Although announced with the Budget, the proposed change in the sugar duties formed a separate and more momentous question. At that time, strictly foreign sugar was virtually prohibited by the excessive differential duties - British plantation sugar paying a duty of 25s. 3d. per cwt. foreign, of 66s. 2d. When the Whig Administration had proposed to diminish this enormous difference, the Tories had pleaded the injustice to the West India landlords of taking away their slaves, and then exposing them to competition with countries still possessing slave labour. The question had thus become one of party. The Whigs were pledged to consult the interests of the British consumer; the Tories to protect the West Indies; and beating the Whigs on this very point, the Tories had turned them out of office. The British consumer had, however, happily some voice in the elections, and the problem was now to conciliate him without a glaring breach of consistency. Accordingly, the tax on our colonial sugar was to be left untouched, as was the tax on foreign sugar, the growth of slave countries; but henceforth it was proposed that the duty on foreign sugar, the produce of free labour, should pay only 10s. more than colonial. Thus was the first great blow struck at the protective sugar duties, and that West Indian party which had so long prevailed in Parliament over the interests of the people. But the battle had yet to be fought.

The West India interest in the city held great meetings, and instructed their parliamentary representatives for the coming contest. The free traders argued that the Government proposition was simply that the West India proprietors should receive 10s. per cwt. more for the sugar they sent here than the growers in any other part of the world could get. This was equivalent to a tax of £2,000,000 upon the people of England, because the West India landlords were alleged to be in distress, and could not cultivate their estates. It was, indeed, the old question of protection for the landed interest on the ground of peculiar burdens. The white population of the West Indies amounted only to about a tenth of the whole; and it was admitted that the free coloured people, forming the bulk of the community, had no interest in the proposed monopoly. Moreover, it had been shown by repeated experiment that these differential duties always defeated their own objects. The slave-grown sugar was simply exported first to the free country, and then to England - the English people paying in the enhanced cost of the article all the cost of this circuitous mode of supply.

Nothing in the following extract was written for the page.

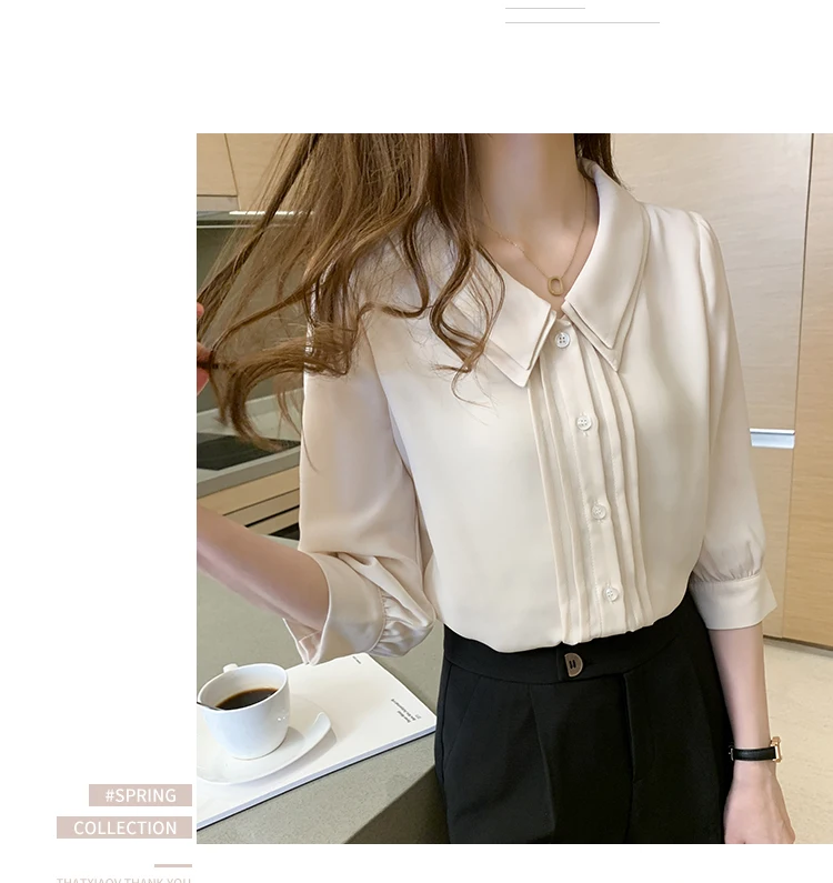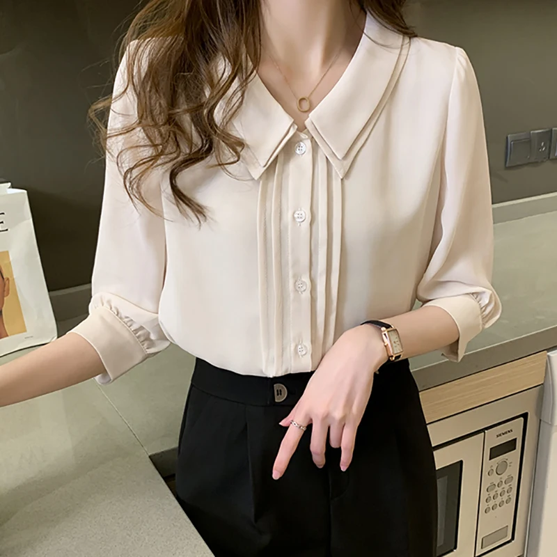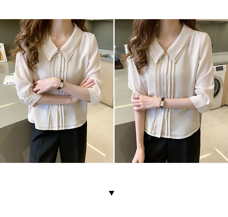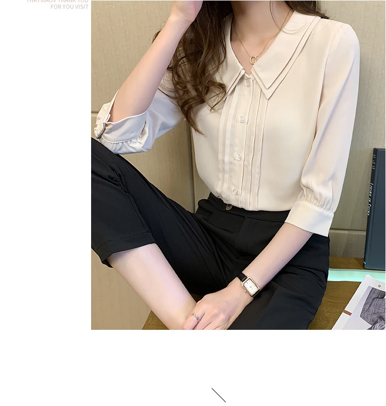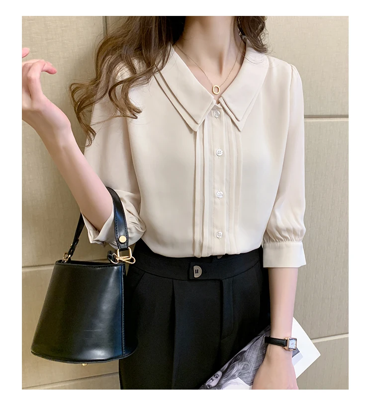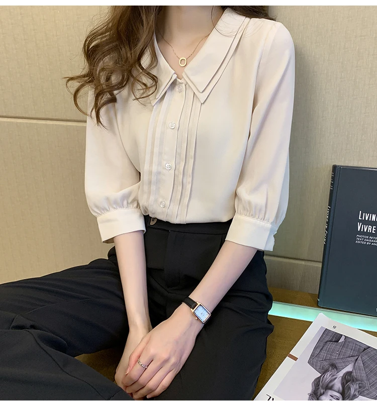 Пуловер с воротником Питер Пэн, рубашка, женские летние топы, повседневная женская одежда с коротким рукавом, шифоновая блузка на пуговицах, рубашка для женщин, 2022

The opposition, however, was powerful. When Mr. Goulburn brought forward his resolution by which sugar certified to be the growth of China, Manilla, Java, or other countries where no slave labour was employed, should be admitted at a duty of 34s., the colonial duty being 24s., the danger of the position of the Ministers was soon perceived. Lord John Russell proposed an amendment in favour of admitting all foreign sugars at 34s., a proposal which, though calculated to maintain the price of sugar at a higher point than the Government proposition, was less distasteful to the free traders, as abolishing the differential principle. This amendment was rejected by a majority of only 69.

On the 14th of June the Government bill came on for a third reading, and the contest then began in earnest.

Mr. Miles, the representative of the West India party, moved an amendment proposing a reduction of the duty on colonial sugar to 20s., instead of 24s., and the raising of the duties on foreign to 30s. and 34s. The free trade party were not entrapped by this offer of a reduction of 4s. on colonial sugar. They saw that Mr. Miles's amendment would only establish a differential duty of 14s. instead of 10s., the difference going to the West India planters. They now, moreover, at least hoped more from Sir Robert Peel than from any minister likely to succeed him. Mr. Cobden and the League party therefore supported the Government; but so powerful was the combination against them, that the division, which took place on the 14th of June, left the Ministers in a minority of 20.

The events which followed form part of the general history of that time. The Government well knew that they were more popular in the country than their opponents. In the few days that succeeded, during which men were doubtful whether they would resign, the Minister had had time to feel the power of that popularity, and the value of the support of the free trade party. To satisfy the selfish expectations of the more bigoted of his own supporters must have seemed to him more and more hopeless. To break with them, and to look elsewhere for the support which their vindictiveness would inevitably render necessary - to become less a leader of a class, and more a statesman seeking the true foundations of power in a steady regard to the welfare of the great bulk of the community - were ideas naturally present to the Minister's mind.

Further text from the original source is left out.